◆ Data extracts:

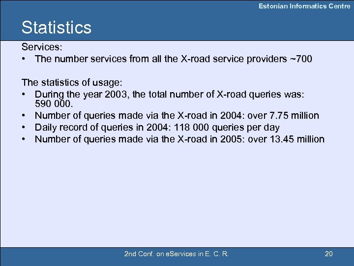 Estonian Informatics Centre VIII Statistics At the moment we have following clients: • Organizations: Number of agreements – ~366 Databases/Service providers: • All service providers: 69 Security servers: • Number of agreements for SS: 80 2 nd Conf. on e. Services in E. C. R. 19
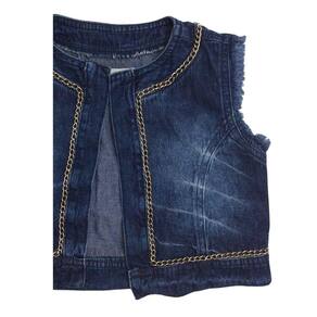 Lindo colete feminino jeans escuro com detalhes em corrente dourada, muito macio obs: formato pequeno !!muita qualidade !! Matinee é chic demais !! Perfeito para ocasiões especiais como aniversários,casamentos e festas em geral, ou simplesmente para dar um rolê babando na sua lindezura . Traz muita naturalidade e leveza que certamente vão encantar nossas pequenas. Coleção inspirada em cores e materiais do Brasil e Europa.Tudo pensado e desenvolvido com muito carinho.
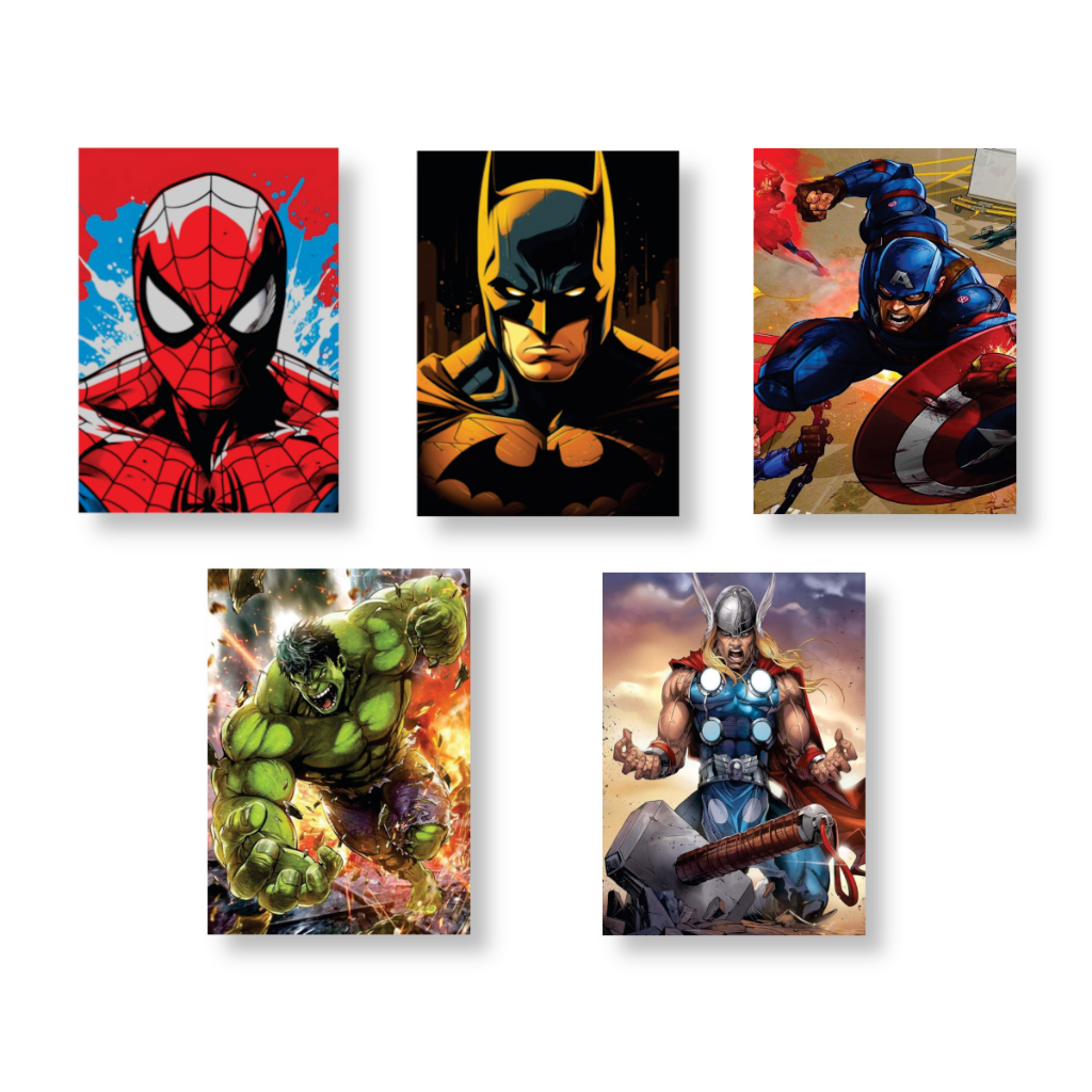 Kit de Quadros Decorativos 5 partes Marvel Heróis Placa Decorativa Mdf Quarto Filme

--

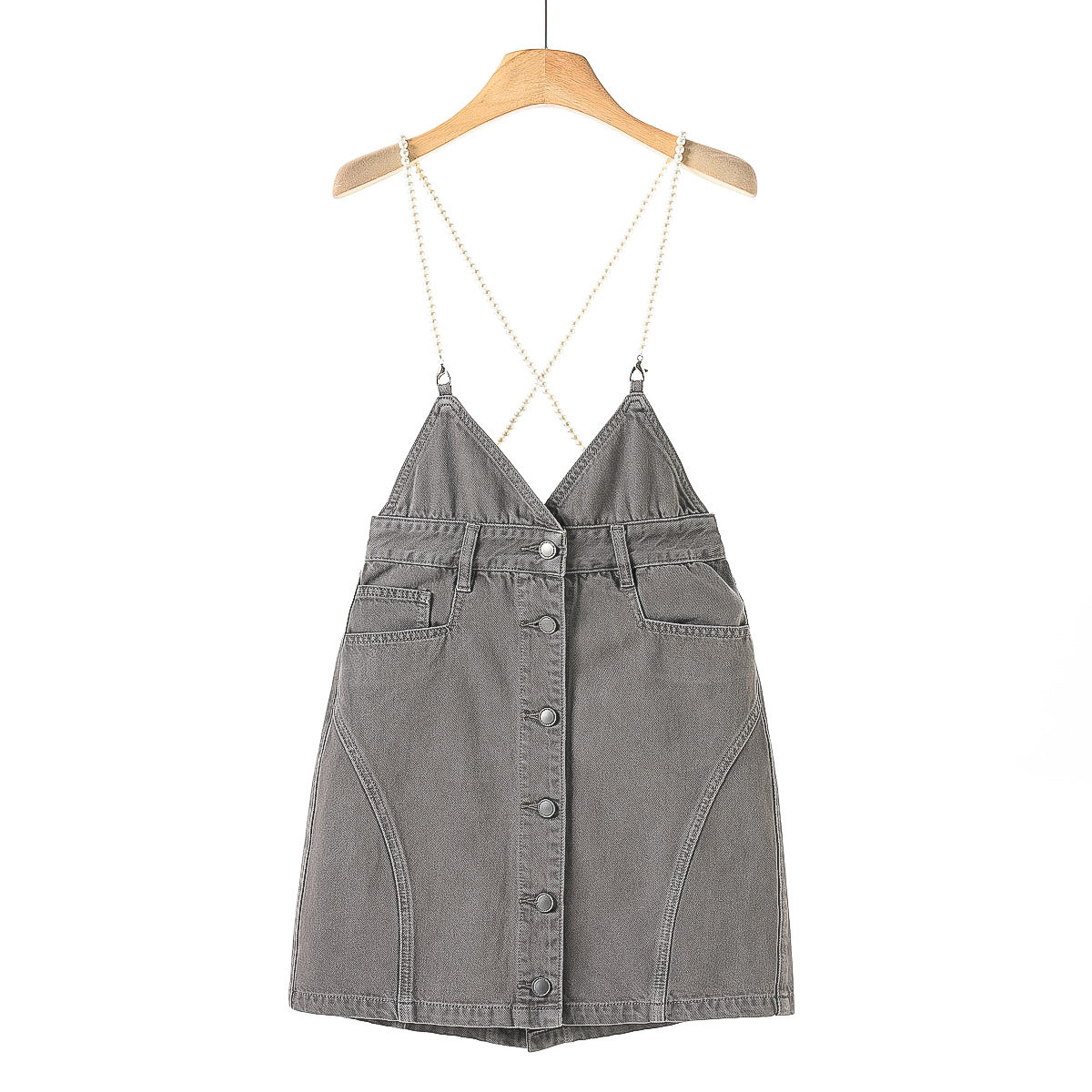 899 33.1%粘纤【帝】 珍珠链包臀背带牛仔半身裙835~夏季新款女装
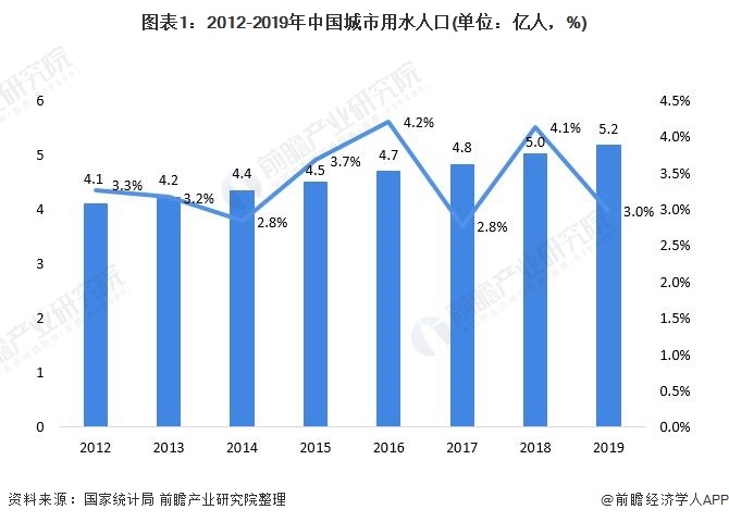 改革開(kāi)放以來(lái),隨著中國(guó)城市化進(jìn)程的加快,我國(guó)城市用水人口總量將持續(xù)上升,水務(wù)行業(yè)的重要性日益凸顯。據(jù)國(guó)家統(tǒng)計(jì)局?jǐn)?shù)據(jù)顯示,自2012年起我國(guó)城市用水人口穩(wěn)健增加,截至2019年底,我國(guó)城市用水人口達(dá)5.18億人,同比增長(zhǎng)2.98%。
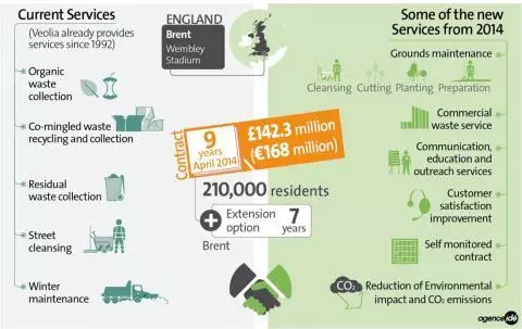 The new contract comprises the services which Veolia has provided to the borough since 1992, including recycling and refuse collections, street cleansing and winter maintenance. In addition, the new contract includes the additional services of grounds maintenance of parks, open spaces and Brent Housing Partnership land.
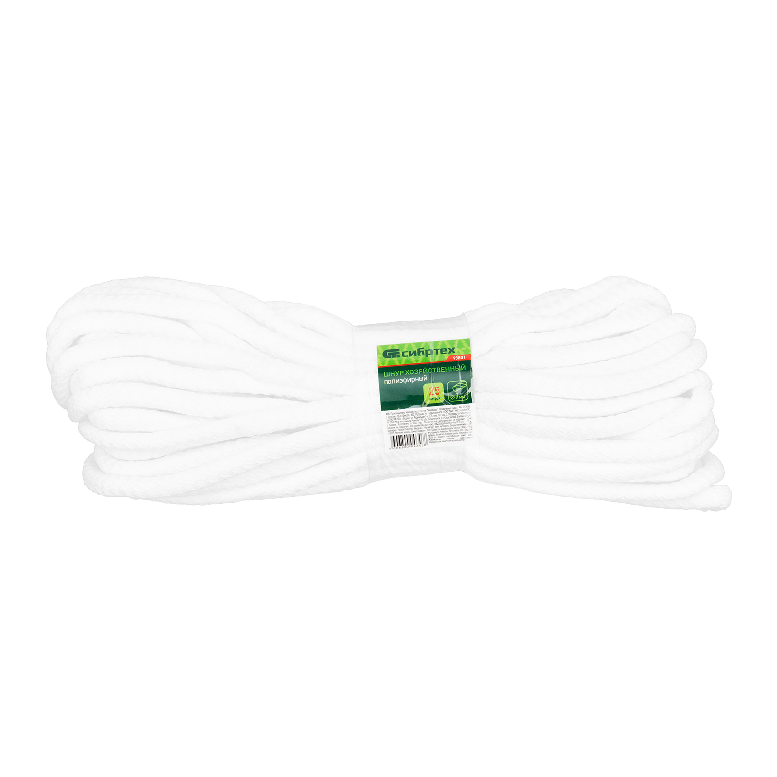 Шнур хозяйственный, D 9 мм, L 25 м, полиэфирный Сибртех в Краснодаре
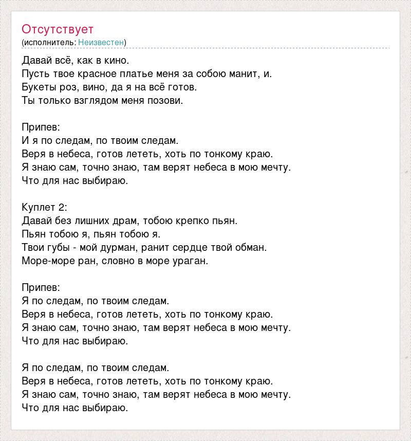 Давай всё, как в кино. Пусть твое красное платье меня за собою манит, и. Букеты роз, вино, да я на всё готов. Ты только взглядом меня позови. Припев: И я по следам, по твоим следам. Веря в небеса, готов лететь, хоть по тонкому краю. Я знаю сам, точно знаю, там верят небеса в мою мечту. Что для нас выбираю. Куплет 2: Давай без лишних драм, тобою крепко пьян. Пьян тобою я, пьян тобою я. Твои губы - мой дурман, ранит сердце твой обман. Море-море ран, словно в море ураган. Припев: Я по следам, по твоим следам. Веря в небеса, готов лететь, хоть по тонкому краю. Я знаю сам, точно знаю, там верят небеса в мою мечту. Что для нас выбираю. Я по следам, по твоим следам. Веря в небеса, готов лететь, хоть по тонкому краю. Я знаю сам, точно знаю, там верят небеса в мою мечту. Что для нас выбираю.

◆ Work to be completed: From the records above, transcribe exactly the lines starting at the one containing "Шнур хозяйственный, D" and ending at the one containing "Давай всё, как". Skip the pictures.

◆ Exercise output:
 Шнур хозяйственный, D 9 мм, L 25 м, полиэфирный Сибртех в Краснодаре
 Давай всё, как в кино. Пусть твое красное платье меня за собою манит, и. Букеты роз, вино, да я на всё готов. Ты только взглядом меня позови. Припев: И я по следам, по твоим следам. Веря в небеса, готов лететь, хоть по тонкому краю. Я знаю сам, точно знаю, там верят небеса в мою мечту. Что для нас выбираю. Куплет 2: Давай без лишних драм, тобою крепко пьян. Пьян тобою я, пьян тобою я. Твои губы - мой дурман, ранит сердце твой обман. Море-море ран, словно в море ураган. Припев: Я по следам, по твоим следам. Веря в небеса, готов лететь, хоть по тонкому краю. Я знаю сам, точно знаю, там верят небеса в мою мечту. Что для нас выбираю. Я по следам, по твоим следам. Веря в небеса, готов лететь, хоть по тонкому краю. Я знаю сам, точно знаю, там верят небеса в мою мечту. Что для нас выбираю.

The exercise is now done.